A frase
"olho por olho e o mundo acabará cego", atribuída a Mahatma Gandhi,
é um profundo aldabonazo
contra a lei do talião.
Do ponto de vista da Maçonaria Simbólica, sua análise transcende a ética para entrar no iniciático, revelando uma crise de consciência e um fracasso na cadeia de transmissão da Luz.
Na Maçonaria,
o olho não é apenas o órgão da visão física, mas o "Olho da Alma" (a intuição)
e o "Olho que tudo vê" (o Grande Arquiteto).
Quando o profano age sob "olho por olho", reduz sua percepção ao material:
veja somente a ofensa, não o irmão.
Ao arrancar o olho do outro, o maçom não apenas cega o seu semelhante; autoextirpa-se a capacidade de ver a Luz.
A vingança é um ato de trevas que apaga a lâmpada da oficina interior.
O Esquadro exige rectidão de nós, e o compasso, proporção.
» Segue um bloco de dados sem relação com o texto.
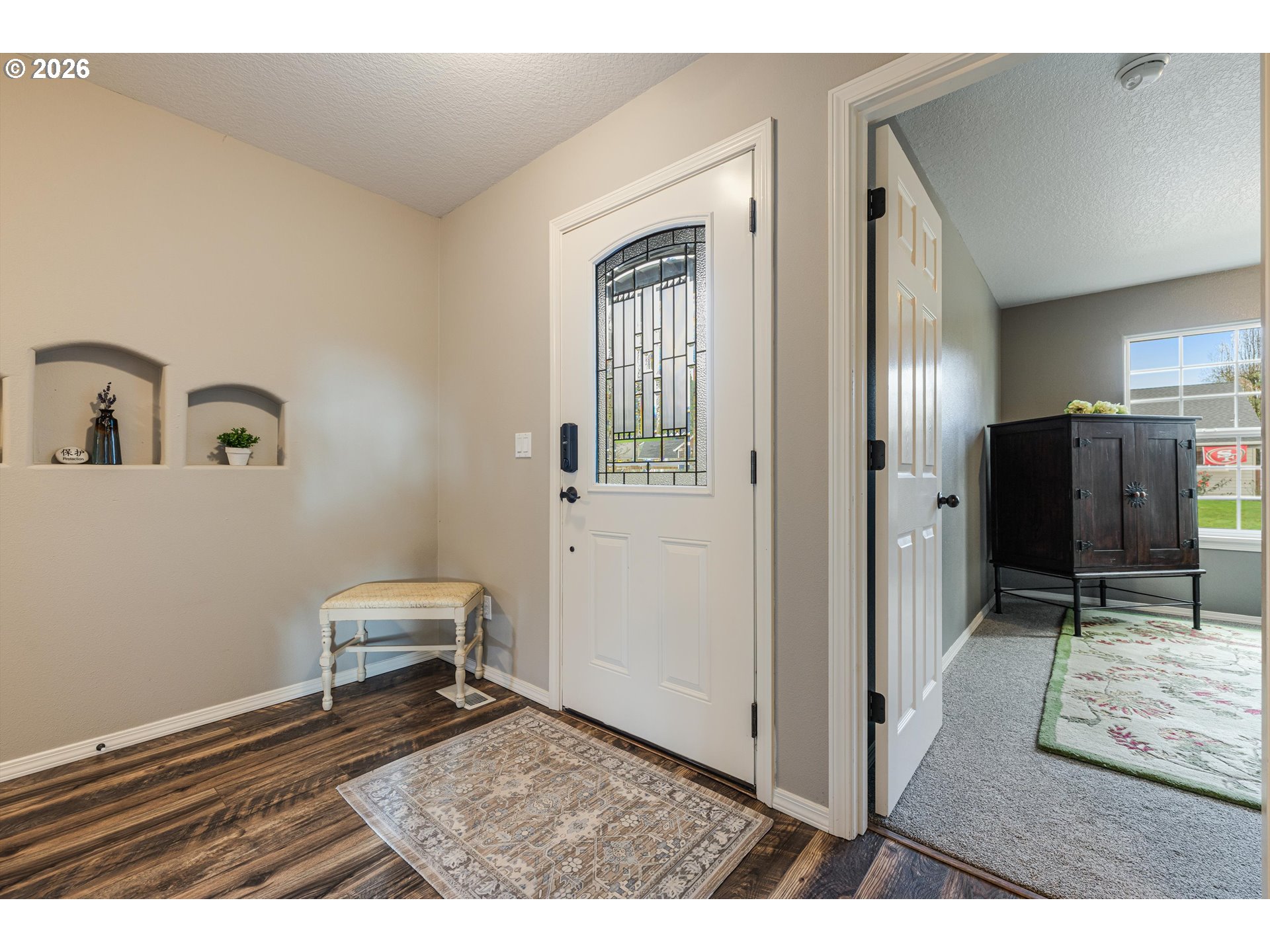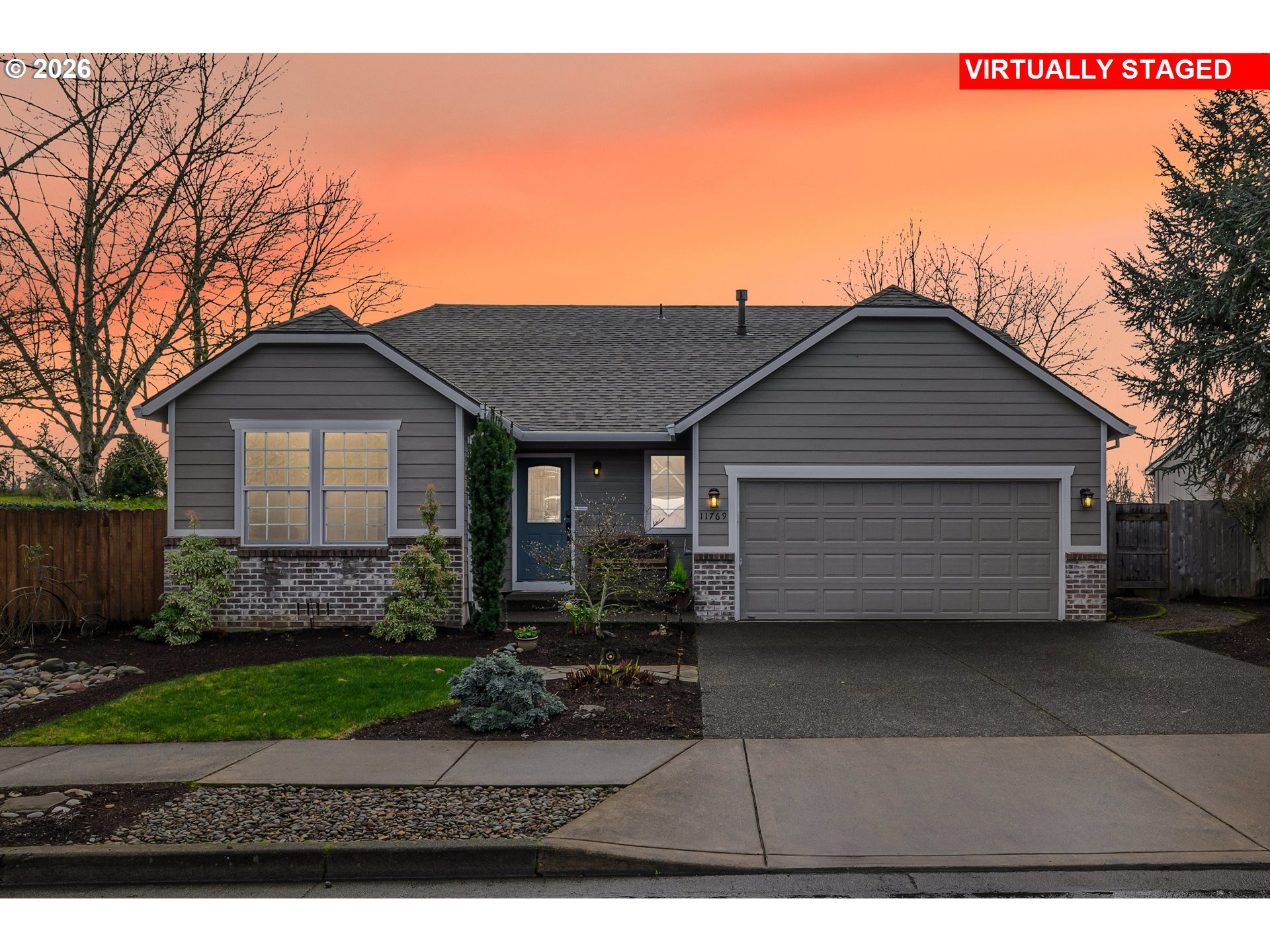 Serene one-level home on a quiet cul-de-sac, backing to green space and adjacent to a private community park. Open-concept great room with vaulted ceiling, gas fireplace with new rock surround and mantel, and slider to a patio & private fenced yard with pergola, garden box. Private primary suite with walk-in closet and ensuite bath, plus two additional bedrooms and full bath. Extensively updated with interior and exterior paint, all new flooring, stainless steel kitchen appliances, garbage disposal, touchless faucet, new Rheem water heater, 80% efficiency Coleman gas furnace, Goodman A/C, and a new 30-year CertainTeed Designer roof with new gutters and Leaf Guard. Close to many nearby amenities and easy access to quaint downtown Oregon City and more. Meticulously maintained and move-in ready!
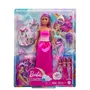 This dress-up Barbie® doll offers transformational play from land to sea to air! She comes with multiple fashions and accessories including a mermaid tail two skirts themed headbands and a necklace. The colorful Barbie® fantasy set also includes a baby dragon and unicorn for even more storytelling fun. Doll cannot stand alone. Colors and decorations may vary.

A lei do talião é matematicamente "justa" (equilíbrio aritmético), mas maçonicamente é inicialmente estéril.
A justiça maçônica não é punitiva,
mas restauradora.
O verdadeiro maçom não busca igualar os danos, mas sim "desbastar a pedra bruta" do agressor através do ensino.
Se você responder com ódio, abandona o compasso e o esquadrão para agir com a regra do vulgo, perpetuando a baixa vibração do mundo profano.
A frase avisa que o mundo (a humanidade) acabará cego. Para a maçonaria, cegueira é ignorância voluntária.
Cada ato de vingança é uma cadeia causal que prende o homem na roda do carma profano.
Ao fazê-lo, você não só perde a visão do outro, mas também turva a sua própria, porque o ódio projeta sombras que impedem o "irmão" de ver por trás do "inimigo".
É o triunfo do Eu inferior (a besta) sobre o Eu Superior (o Homem Livre).
Gandhi, inspirado na não-violência,
ressoa com o pensamento maçônico
cristão e esotérico:
"Vencer o mal com o bem".
Se o mundo ficar cego, o Templo Interior não pode ser construído, porque os construtores precisam da vista para alinhar as pedras.
O maçom deve agir como
"aquele que devolve a luz pela escuridão".
Não se trata de passividade, mas de uma força ativa: desarmar o agressor com razão e exemplo, não com a mesma arma.
É a única maneira de quebrar a corrente e elevar a espinha da humanidade.
A frase é um aviso sobre o suicídio coletivo do espírito.
Na Sociedade,
somos ensinados que a verdadeira vitória
não está em derrotar o outro,
mas em iluminá-lo.
Porque se lhe ferires o olho, ficas às escuras; mas se acenderes a tocha dele,
a luz que ele tem iluminar-te-á também.
O mundo não vai acabar cego
se o maçom aprender
a "olhar com o coração" e
"bater com a palavra",
em vez de fazer com a mão.
Essa é a base da verdadeira fraternidade.
32° Samal Legrad
Membro da Com. de Cultura Geral da Grande Logia de Cuba de A. L:. e A:. M:.
Membro da Com. de Cultura Geral da Grande Logia de Cuba de A. L:. e A:. M:.